The 1998 Nobel Prize in Literature was awarded to the Portuguese author José Saramago (1922–2010) "who with parables sustained by imagination, compassion and irony continually enables us once again to apprehend an elusory reality." He is the only recipient of the Nobel Prize in Literature from Portugal.

==Laureate==

José Saramago frequently makes use of allegory in his writing, and fanciful elements are interspersed with a detailed and critical look at society. A characteristic of Saramago's style is the blending of dialog and narration, in parabolic forms, with sparse punctuation and long sentences that can extend for several pages. In one of his most successful novels, Ensaio sobre a Cegueira ("Blindness", 1995), the population is stricken with an epidemic of blindness that quickly leads to societal collapse. Among his other well-known literary masterpieces include Memorial do Convento ("Baltasar and Blimunda", 1982), O Ano da Morte de Ricardo Reis ("The Year of the Death of Ricardo Reis", 1984), História do Cerco de Lisboa ("The History of the Siege of Lisbon", 1989), and O Evangelho Segundo Jesus Cristo ("The Gospel According to Jesus Christ", 1991). Saramago's last published work was Caim ("Cain", 2009), which narrates Adam and Eve's son as he witnesses and recounts passages from the Bible that add to his increasing hatred of God.

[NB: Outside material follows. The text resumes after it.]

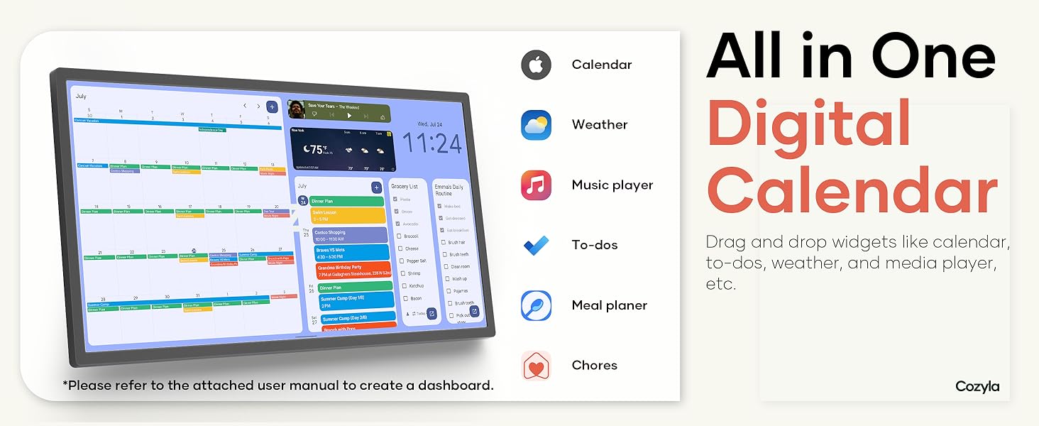 Get organized with the Cozyla Calendar+! Displaying your family’s important events, chores and more, this 24- or 32-inch touchscreen calendar keeps everyone in sync. Perfect for busy families juggling multiple schedules, it syncs seamlessly with various calendar apps.

While Saramago had Portuguese citizenship, he was residing in Lanzarote, Spain, since 1991.

==Reactions==
José Saramago was a favourite to win the 1998 Nobel Prize in Literature along with his country-man and literary rival Antonio Lobo Antunes and Belgian writer Hugo Claus.

The choice of Saramago as the Nobel Prize laureate was internationally generally well received. One commentator in the Swedish newspaper Dagens Nyheter described it as a safe choice: "an authorship that is appreciated by everyone and won't be questioned by anyone". In Saramago's home country reactions were however radically mixed, lauded by the left wing press and heavily criticised by the bourgeois press.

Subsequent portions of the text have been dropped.